Generate the simplest simulation with:
python2.7 command.py
command.py
simply runs one simulation and prints a summary of the simulation, for eample:
Coverage = 0.6266
Nsites = 8
Max radius = 0.268
Corrected coverage = 0.62395
Error = 0.00265
The Coverage
is the fraction of the squre covered by islands when a path was made from one edge to its oposite. The Corrected coverage
is the half way between the coverage above and the coverage on the previous step; the Error
is half the difference between these values.
Nsites
is the number of islands, Max radius
is the size of the largers island.
Two files are also written: nodes.dat
and path.dat
. These record respectively the location and size of the islands, and the shortest path from one edge to its opposite. These can be visually inspected using gnuplot with:
gnuplot> set size square; set xr [0:1]; set yr [0:1]

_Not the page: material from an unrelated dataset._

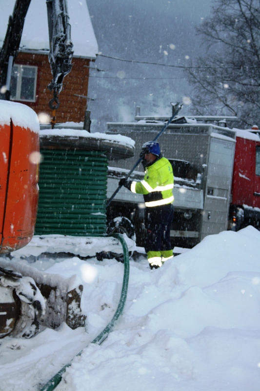 Straum er kjekt å ha. Fram til byrjinga av januar brukte me av vårt private abonnement, det viste seg å verta litt dyrt no når januarrekninga kom :(.Då me kom i gang for alvor i byrjinga av januar var det sjølvsagt av høg prioritet å få lagt inn byggjestraum. Elektrikaren tok saka og i samarbeid med Voss Energi og Skutle Betong som måtte pigga opp ei grøft over gardsvegen, vart straumen henta frå stolpen og lagt inn i huset.
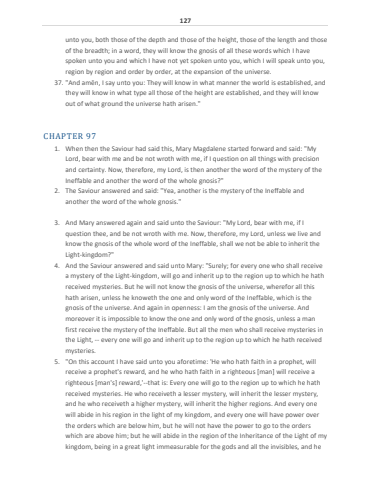 127unto you, both those of the depth and those of the height, those of the length and those of the breadth; in a word, they will know the gnosis of all these words which I have spoken unto you and which I have not yet spoken unto you, which I will speak unto you, region by region and order by order, at the expansion of the universe.37. \they will know in what type all those of the height are established, and they will know out of what ground the universe hath arisen.\CHAPTER 971. When then the Saviour had said this, Mary Magdalene started forward and said: \Lord, bear with me and be not wroth with me, if I question on all things with precision and certainty. Now, therefore, my Lord, is then another the word of the mystery of theIneffable and another the word of the whole gnosis?\2. The Saviour answered and said: \another the word of the whole gnosis.\3. And Mary answered again and said unto the Saviour: \question thee, and be not wroth with me. Now, therefore, my Lord, unless we live and know the gnosis of the whole word of the Ineffable, shall we not be able to inherit the Light-kingdom?\4. And the Saviour answered and said unto Mary: \a mystery of the Light-kingdom, will go and inherit up to the region up to which he hath received mysteries. But he will not know the gnosis of the universe, wherefor all this hath arisen, unless he knoweth the one and only word of the Ineffable, which is the gnosis of the universe. And again in openness: I am the gnosis of the universe. And moreover it is impossible to know the one and only word of the gnosis, unless a man first receive the mystery of the Ineffable. But all the men who shall receive mysteries in the Light, -- every one will go and inherit up to the region up to which he hath received mysteries.5. \receive a prophet's reward, and he who hath faith in a righteous [man] will receive a righteous [man's] reward,'--that is: Every one will go to the region up to which he hath received mysteries. He who receiveth a lesser mystery, will inherit the lesser mystery, and he who receiveth a higher mystery, will inherit the higher regions. And every one will abide in his region in the light of my kingdom, and every one will have power over the orders which are below him, but he will not have the power to go to the orders which are above him; but he will abide in the region of the Inheritance of the Light of my kingdom, being in a great light immeasurable for the gods and all the invisibles, and he

gnuplot> pl 'nodes.dat' w circ, 'path.dat' w l
In the directory scripts_for_paper/
are tools for running and analysing ensembles of these simulations.
ensemble.py
will run a given number of simulations, epochs
, and collate the coverages and errros into two files coverages.dat
and errors.dat
. To sweep several rates of nucleation (chi in the paper) we used a simple bash script to execute them sub.sh
.
The resultant directories created with sub.sh
can be analysed with analyse.py
which will calculate the average coverages at percolation thresholds, distributions, standard deviations and confidence in these coverages.